Ce dimanche restera, dans les annales de la Justice, un coup de poignard de plus dans le dos de la démocratie en Europe.
Carles Puigdemont, le président limogé par la junte espagnole, s’est rendu à la Justice belge. Il a été arrêté sur le champ, avec les ministres qui l’accompagnaient.
Voilà donc que la Belgique, une fois de plus, se retrouve complice d’un assassinat de la démocratie.
Vous ajoutez à cela sa politique coloniale et intéressée en Afrique, qu’elle distille en toute légalité ... ou encore sa vente d’armes à des organisations terroristes comme Daesh ou à des dictatures peu soucieuses des Droits de l’Homme, comme l’Arabie Saoudite ... Il me semble que nous allons bientôt atteindre le fond d’une honte, entretenue par un gouvernement ignoble et incompétent.
Michel et tous ses polichinelles : votre lâcheté est à la hauteur de vos amateurismes ... dégagez, vous nous salissez !

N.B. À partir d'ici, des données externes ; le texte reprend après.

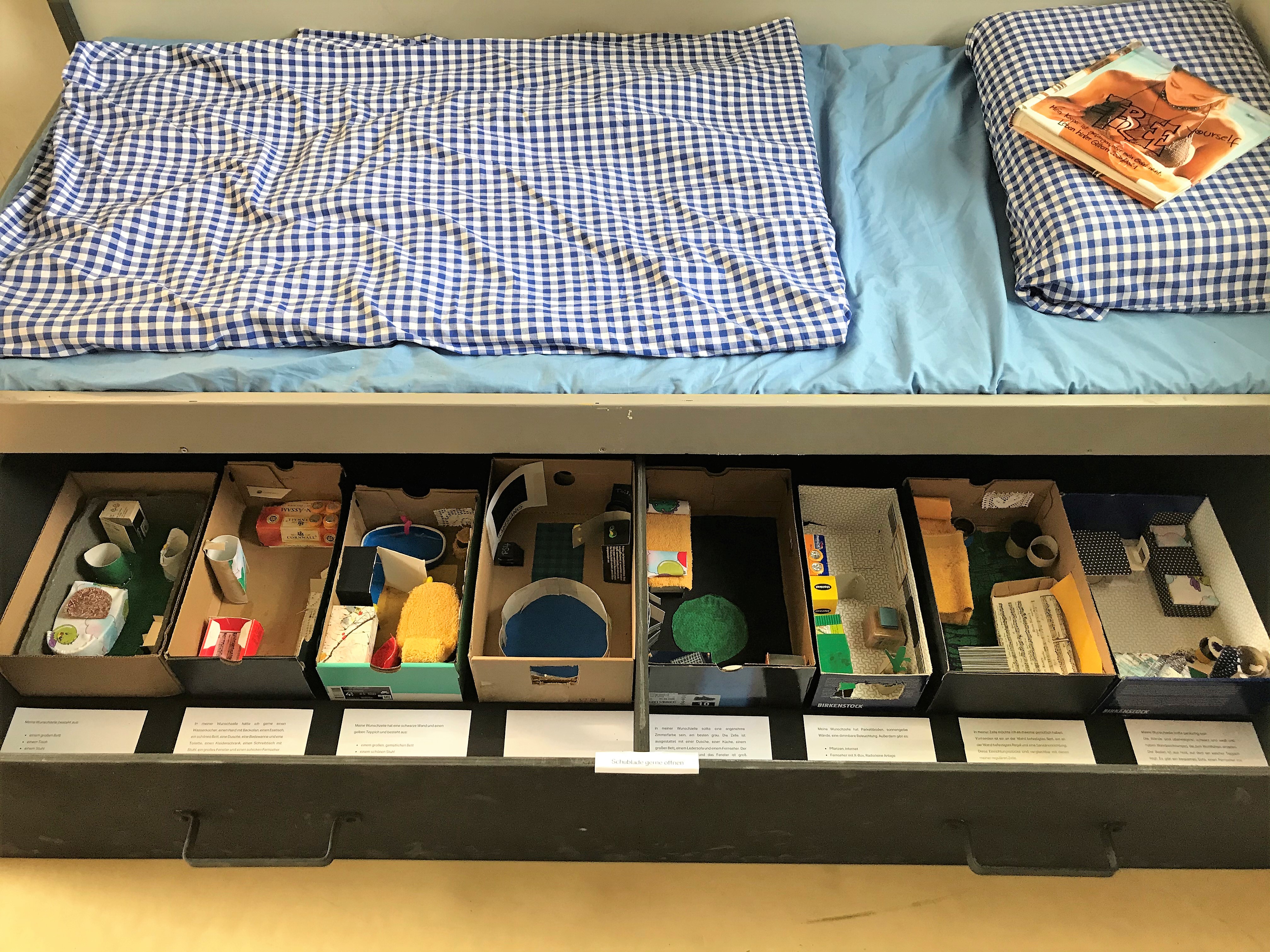 Die Größe des Containers entsprach der eines Haftraumes. Im Innern wurde das Originalmobiliar einer Strafanstalt sowie Texte, Bilder und Objekte von Inhaftierten ausgestellt.

Quel est le chef d’accusation qui peut être retenu contre Carles Puigdemont ?
Il a été un président élu démocratiquement par le peuple catalan.
Il a été à l’écoute de la majorité d’un peuple, fatigué d’années d’oppression et d’épuisement économique.
Il a permis à toute une région de rêver de lendemains qui allaient enfin profiter à son essor économique.
Il a rapproché le pouvoir d’un peuple, oublié par Madrid.
Il a organisé un référendum sur le statut de la Catalogne ... n’exerçant là qu’un pouvoir qui était le sien.
C’est alors, qu’avec la complicité de l’Europe de la finance, soucieuse d’une dette espagnole à entretenir et d’une soif d’exister sur le marché économique, l’Espagne réagit avec force, envoyant sa police pour s’en prendre avec violence à une population qui aurait pu avoir envie de voter.
Elle a empêché l’expression démocratique d’un choix des citoyens !
Nous avions encore en mémoire, l’image de cet homme sur la Place Tian'anmen, en Chine, seul, résistant à la force d’un char.
Nous avions encore en mémoire ces populations d’Europe de l’Est voyant ses velléités de liberté mises à mort par quelques chars soviétiques ...
Franco ne serait-il pas mort ?
Cette sinistre monarchie, mise en place par le dictateur lui-même, ferait-elle encore allégeance à ce monstre, ruisselant de sang innocent ?
Ce pouvoir espagnol aurait-il endossé l’uniforme d’un pouvoir franquiste niant les droits les plus élémentaires des citoyens espagnols ?
Comme un lâche, à l’image de ses confrères européens, le Premier-Ministre espagnol, suivi dans la foulée par un Roi de pacotilles, se cache derrière la Constitution d’un autre temps pour justifier son emploi de la force et le formatation d’une région.
Comme un lâche, il fait arrêter des ministres élus démocratiquement, comme pourrait le faire un prince héritier dans une monarchie absolue et corrompue.
Comme un lâche, il met la Catalogne sous tutelle, la privant d’une autonomie qu’elle reconnait à d’autres régions, pourvu qu’elles restent sages, selon la voix du parti unique au pouvoir.
Dans cet assassinat de la démocratie, il aura été soutenu par le monde financier et par les entreprises installées en Catalogne. Celles-ci imaginaient déjà une perte de profits dans le concert économique européen.  Une complicité qui en dit long sur ce coup d’État en Catalogne !
De nouvelles élections sont annoncées en Catalogne, avec tout le spectre de mise sous tutelle des libertés ... au point de déjà pouvoir remettre en question leur légitimité.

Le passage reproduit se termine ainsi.